Exercise brief >> Set down exactly the lines below between the line holding "まったりホワイトチョコレート" and the line holding "2022년도 중등임용고시 국어", inclusive; no other line belongs in the answer.

--- START ---

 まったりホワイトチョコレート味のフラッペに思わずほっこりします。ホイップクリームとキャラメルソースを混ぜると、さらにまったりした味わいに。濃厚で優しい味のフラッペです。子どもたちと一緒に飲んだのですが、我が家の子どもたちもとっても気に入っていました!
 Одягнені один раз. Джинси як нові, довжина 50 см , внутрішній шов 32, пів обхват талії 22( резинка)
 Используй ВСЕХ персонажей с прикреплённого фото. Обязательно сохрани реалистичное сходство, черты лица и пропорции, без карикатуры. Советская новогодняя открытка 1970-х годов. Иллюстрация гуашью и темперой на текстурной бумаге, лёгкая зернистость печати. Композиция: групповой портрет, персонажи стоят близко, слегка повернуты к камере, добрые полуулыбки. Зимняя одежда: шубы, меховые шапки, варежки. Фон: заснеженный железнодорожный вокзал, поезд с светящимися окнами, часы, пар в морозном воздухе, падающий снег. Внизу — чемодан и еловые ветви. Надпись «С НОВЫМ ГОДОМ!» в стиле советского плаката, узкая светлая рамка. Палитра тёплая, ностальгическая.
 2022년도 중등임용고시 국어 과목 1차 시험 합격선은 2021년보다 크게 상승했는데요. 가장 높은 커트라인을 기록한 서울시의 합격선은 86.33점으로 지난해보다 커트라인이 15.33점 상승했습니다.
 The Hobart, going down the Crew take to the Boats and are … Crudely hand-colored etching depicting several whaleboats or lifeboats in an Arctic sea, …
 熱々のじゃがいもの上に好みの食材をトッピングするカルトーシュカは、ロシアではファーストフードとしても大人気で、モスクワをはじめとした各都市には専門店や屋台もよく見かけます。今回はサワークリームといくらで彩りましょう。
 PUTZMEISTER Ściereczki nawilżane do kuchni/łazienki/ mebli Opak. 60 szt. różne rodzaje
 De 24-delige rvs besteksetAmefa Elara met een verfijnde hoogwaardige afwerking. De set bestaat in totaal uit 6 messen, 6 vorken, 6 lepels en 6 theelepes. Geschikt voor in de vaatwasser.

--- END ---
--- START ---

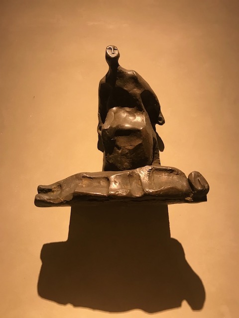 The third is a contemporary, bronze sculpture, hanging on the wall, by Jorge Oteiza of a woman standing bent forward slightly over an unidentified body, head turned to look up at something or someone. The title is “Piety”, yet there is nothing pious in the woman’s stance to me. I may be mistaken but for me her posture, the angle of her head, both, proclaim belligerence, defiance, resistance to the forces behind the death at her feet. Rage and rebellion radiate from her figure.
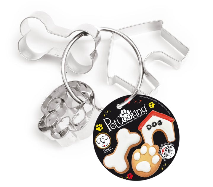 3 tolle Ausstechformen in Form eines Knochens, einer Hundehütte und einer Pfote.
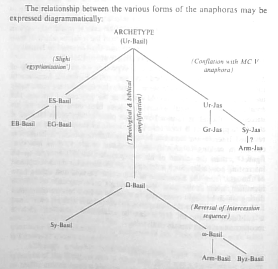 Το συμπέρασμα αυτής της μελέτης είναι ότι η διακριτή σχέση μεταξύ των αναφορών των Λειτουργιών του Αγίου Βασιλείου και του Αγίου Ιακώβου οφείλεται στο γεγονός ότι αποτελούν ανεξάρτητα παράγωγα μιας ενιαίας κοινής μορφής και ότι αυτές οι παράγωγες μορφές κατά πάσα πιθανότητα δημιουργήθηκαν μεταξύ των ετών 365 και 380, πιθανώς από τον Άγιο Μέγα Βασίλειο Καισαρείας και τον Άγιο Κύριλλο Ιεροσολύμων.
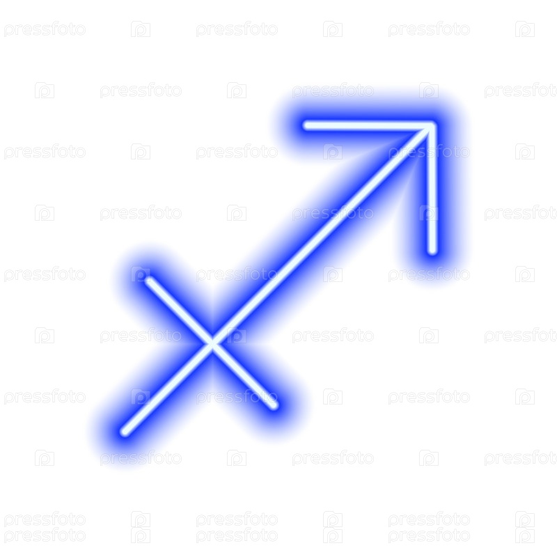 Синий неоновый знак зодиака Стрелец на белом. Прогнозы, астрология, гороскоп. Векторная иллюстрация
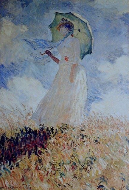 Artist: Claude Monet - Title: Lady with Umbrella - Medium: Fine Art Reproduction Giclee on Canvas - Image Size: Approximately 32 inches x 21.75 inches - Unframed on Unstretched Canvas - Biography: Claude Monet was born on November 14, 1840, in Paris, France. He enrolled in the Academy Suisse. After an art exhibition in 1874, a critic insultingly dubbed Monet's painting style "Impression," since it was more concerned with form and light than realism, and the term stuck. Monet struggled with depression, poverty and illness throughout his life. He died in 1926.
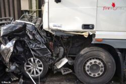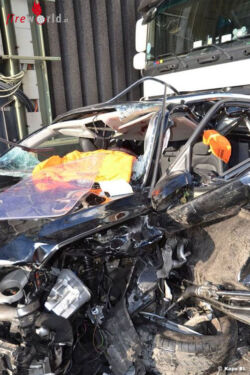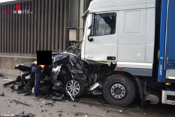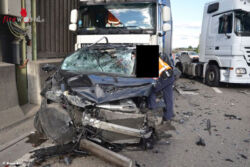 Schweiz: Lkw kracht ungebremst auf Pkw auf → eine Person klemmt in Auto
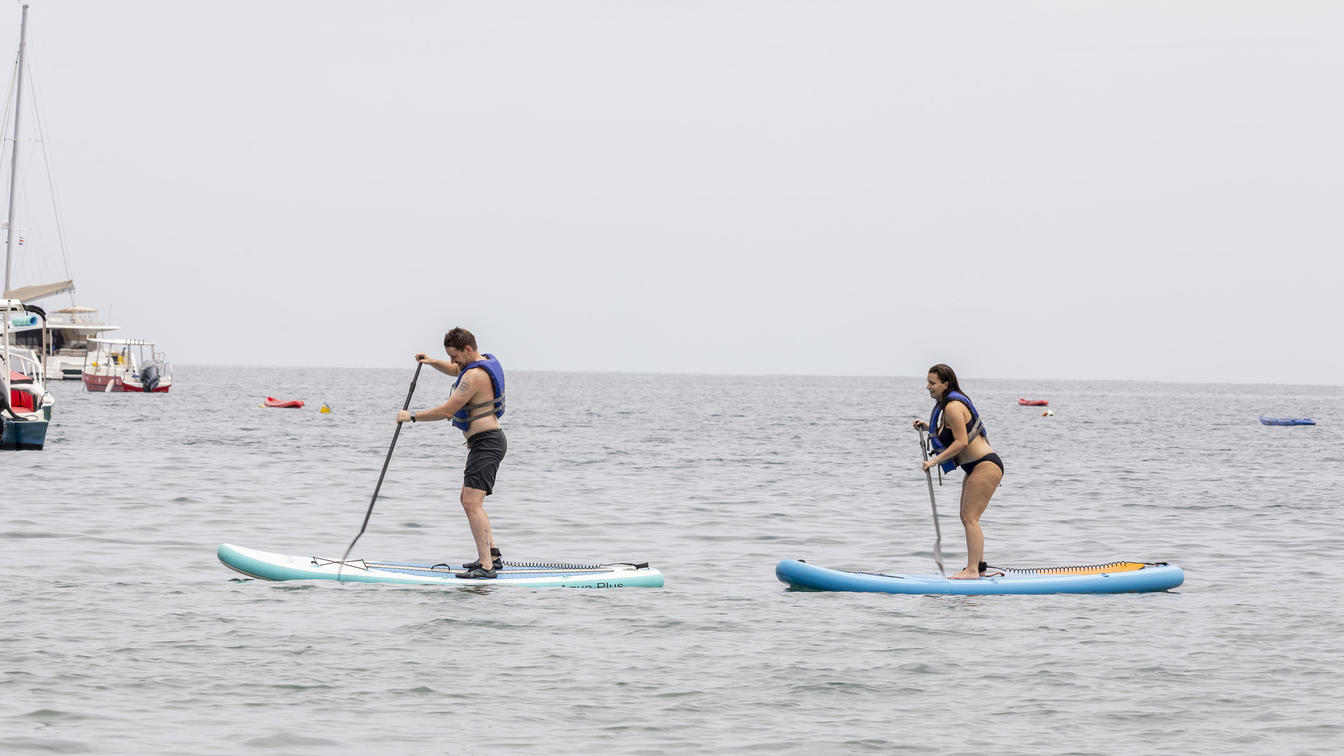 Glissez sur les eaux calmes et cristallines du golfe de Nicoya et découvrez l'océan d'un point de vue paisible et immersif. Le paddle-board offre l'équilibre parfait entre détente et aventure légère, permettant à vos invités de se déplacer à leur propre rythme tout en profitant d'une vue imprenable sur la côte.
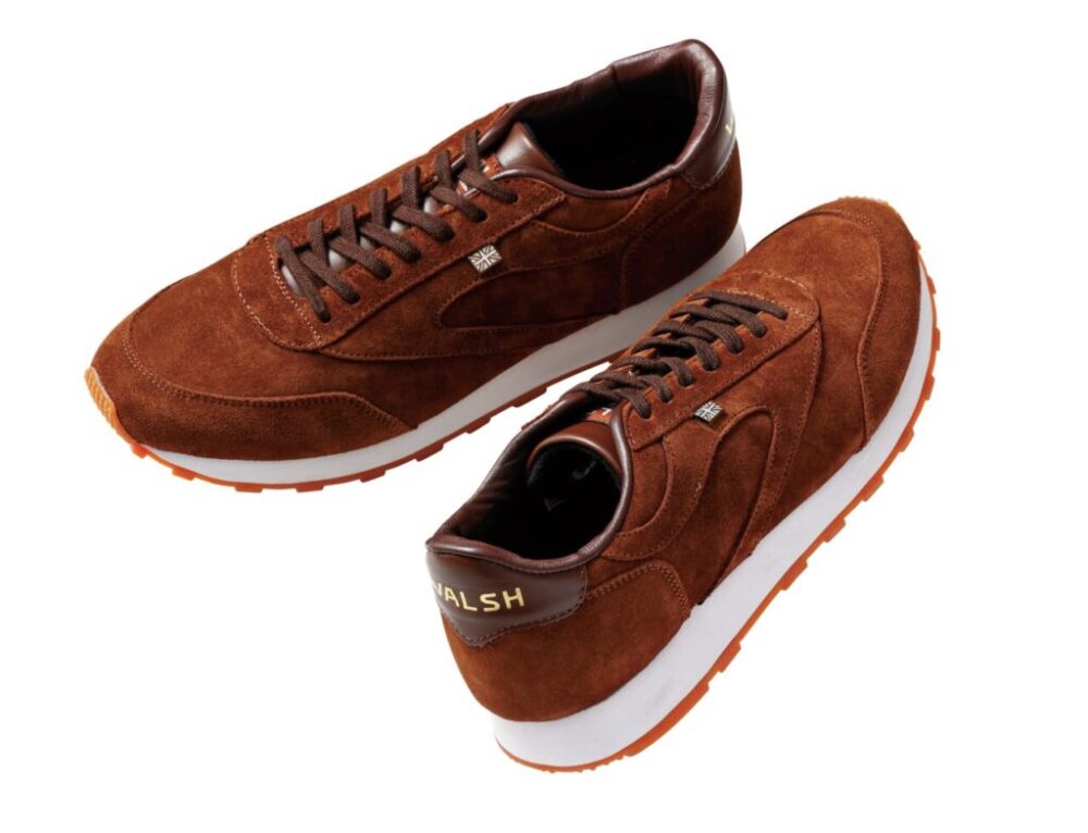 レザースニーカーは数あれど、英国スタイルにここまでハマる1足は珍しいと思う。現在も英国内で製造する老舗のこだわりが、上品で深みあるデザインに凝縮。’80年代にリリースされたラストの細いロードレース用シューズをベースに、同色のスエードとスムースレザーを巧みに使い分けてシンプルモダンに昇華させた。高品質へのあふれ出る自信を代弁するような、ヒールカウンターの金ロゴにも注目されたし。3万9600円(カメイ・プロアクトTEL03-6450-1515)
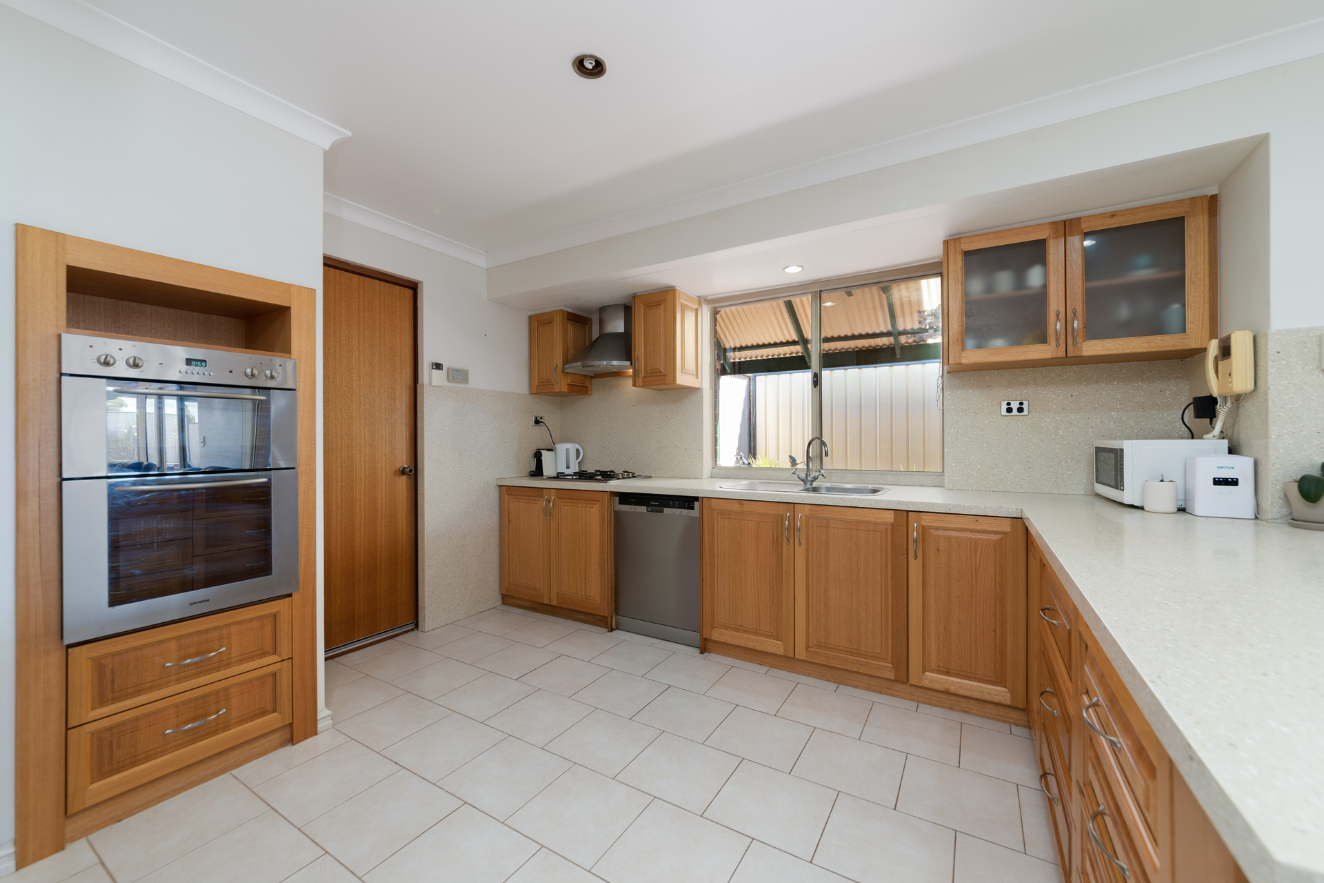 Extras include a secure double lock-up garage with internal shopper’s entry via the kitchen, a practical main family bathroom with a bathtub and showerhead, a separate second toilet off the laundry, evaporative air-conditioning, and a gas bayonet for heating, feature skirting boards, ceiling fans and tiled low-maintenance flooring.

--- END ---
--- START ---

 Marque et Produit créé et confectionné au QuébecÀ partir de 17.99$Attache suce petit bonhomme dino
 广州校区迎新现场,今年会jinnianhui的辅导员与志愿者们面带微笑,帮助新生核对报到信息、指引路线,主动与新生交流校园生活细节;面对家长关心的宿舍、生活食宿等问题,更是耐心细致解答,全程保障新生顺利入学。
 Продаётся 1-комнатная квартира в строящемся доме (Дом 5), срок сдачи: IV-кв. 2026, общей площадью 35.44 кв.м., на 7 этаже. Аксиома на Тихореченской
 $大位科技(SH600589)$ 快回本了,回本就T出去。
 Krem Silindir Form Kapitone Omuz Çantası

--- END ---

Your solution >>
 まったりホワイトチョコレート味のフラッペに思わずほっこりします。ホイップクリームとキャラメルソースを混ぜると、さらにまったりした味わいに。濃厚で優しい味のフラッペです。子どもたちと一緒に飲んだのですが、我が家の子どもたちもとっても気に入っていました!
 Одягнені один раз. Джинси як нові, довжина 50 см , внутрішній шов 32, пів обхват талії 22( резинка)
 Используй ВСЕХ персонажей с прикреплённого фото. Обязательно сохрани реалистичное сходство, черты лица и пропорции, без карикатуры. Советская новогодняя открытка 1970-х годов. Иллюстрация гуашью и темперой на текстурной бумаге, лёгкая зернистость печати. Композиция: групповой портрет, персонажи стоят близко, слегка повернуты к камере, добрые полуулыбки. Зимняя одежда: шубы, меховые шапки, варежки. Фон: заснеженный железнодорожный вокзал, поезд с светящимися окнами, часы, пар в морозном воздухе, падающий снег. Внизу — чемодан и еловые ветви. Надпись «С НОВЫМ ГОДОМ!» в стиле советского плаката, узкая светлая рамка. Палитра тёплая, ностальгическая.
 2022년도 중등임용고시 국어 과목 1차 시험 합격선은 2021년보다 크게 상승했는데요. 가장 높은 커트라인을 기록한 서울시의 합격선은 86.33점으로 지난해보다 커트라인이 15.33점 상승했습니다.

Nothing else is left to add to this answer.